• [GOAL OF THE EXERCISE]: All of the lines below need to be copied exactly, apart from the pictures.

╭─ ENTRIES PROVIDED

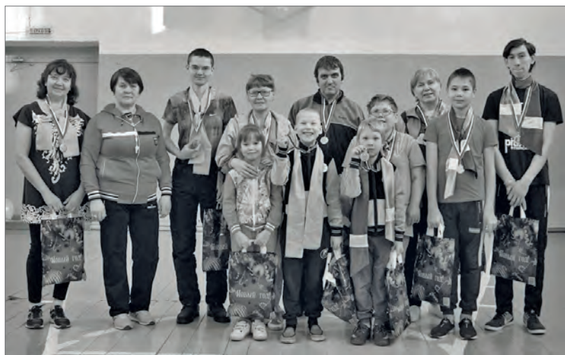
● Фото на память
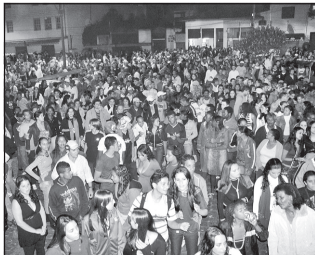
Uma verdadeira multidão compareceu à Praça Tancredo Neves para comemorar o Dia Internacional do Trabalhador
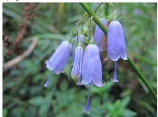
サイヨウシャジン
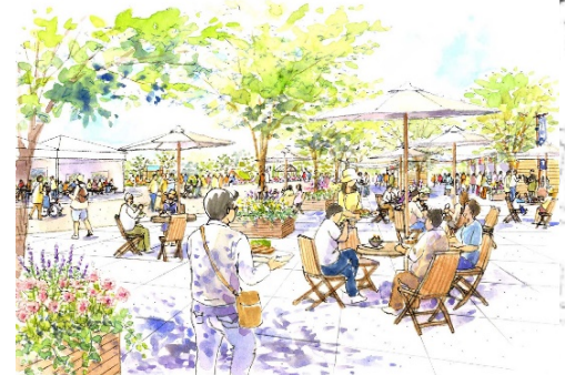
信州マルシェ イメージ
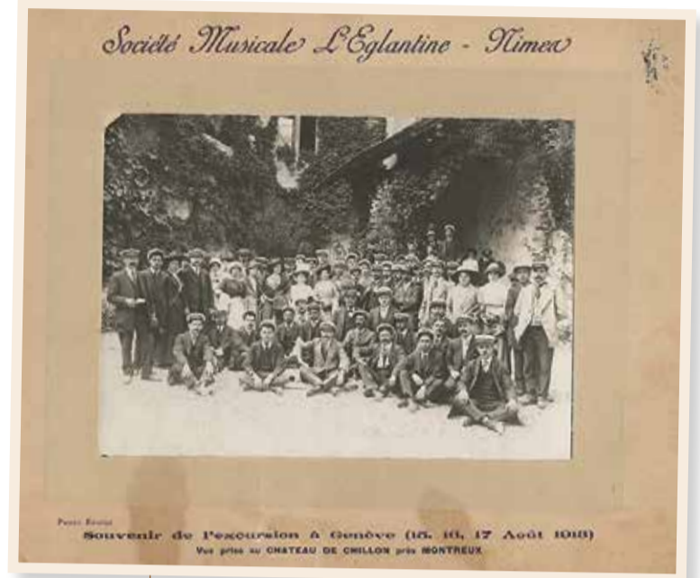
Les membres de la société musicale L'Églantine de Nîmes au Château de Chillon le 16 août 1913.

près - terminent leur visite par une photographie de groupe réalisée par leur concitoyen A. Enguel dit Lange dans la troisième cour du château, alors particulièrement végétalisée. Dimanche, au petit matin, la troupe quitte déjà Genève pour Lyon où elle passe la journée avant de rallier Nîmes pendant la nuit. La brève excursion musicale et touristique touche à son terme, mais une nouvelle escapade est prévue, en Catalogne cette fois-ci. En attendant, l'Églantine donnera «avec son brio coutumier» des bals «qui promettent d'être forts gais», des «dances entraînantes» et des concerts dans son fief. Ces représentations vaudront aux musiciens de Nîmes de faire très bonne figure dans les pages de l'organe hebdomadaire des sociétés musicales et théâtrales L'Echo du théâtre et de la musique ou dans le quotidien Le Populaire du Midi. La photographie réalisée par Enguel trônera dans le salon de l'un ou l'autre musicien, souvenir nostalgique d'un périple dans les eaux lémaniques helvétiques.
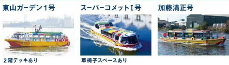
2階デッキあり 車椅子スペースあり

╰─

• [SOLUTION FOR THIS TASK]:
● Фото на память
Uma verdadeira multidão compareceu à Praça Tancredo Neves para comemorar o Dia Internacional do Trabalhador
サイヨウシャジン
信州マルシェ イメージ
Les membres de la société musicale L'Églantine de Nîmes au Château de Chillon le 16 août 1913.

près - terminent leur visite par une photographie de groupe réalisée par leur concitoyen A. Enguel dit Lange dans la troisième cour du château, alors particulièrement végétalisée. Dimanche, au petit matin, la troupe quitte déjà Genève pour Lyon où elle passe la journée avant de rallier Nîmes pendant la nuit. La brève excursion musicale et touristique touche à son terme, mais une nouvelle escapade est prévue, en Catalogne cette fois-ci. En attendant, l'Églantine donnera «avec son brio coutumier» des bals «qui promettent d'être forts gais», des «dances entraînantes» et des concerts dans son fief. Ces représentations vaudront aux musiciens de Nîmes de faire très bonne figure dans les pages de l'organe hebdomadaire des sociétés musicales et théâtrales L'Echo du théâtre et de la musique ou dans le quotidien Le Populaire du Midi. La photographie réalisée par Enguel trônera dans le salon de l'un ou l'autre musicien, souvenir nostalgique d'un périple dans les eaux lémaniques helvétiques.
2階デッキあり 車椅子スペースあり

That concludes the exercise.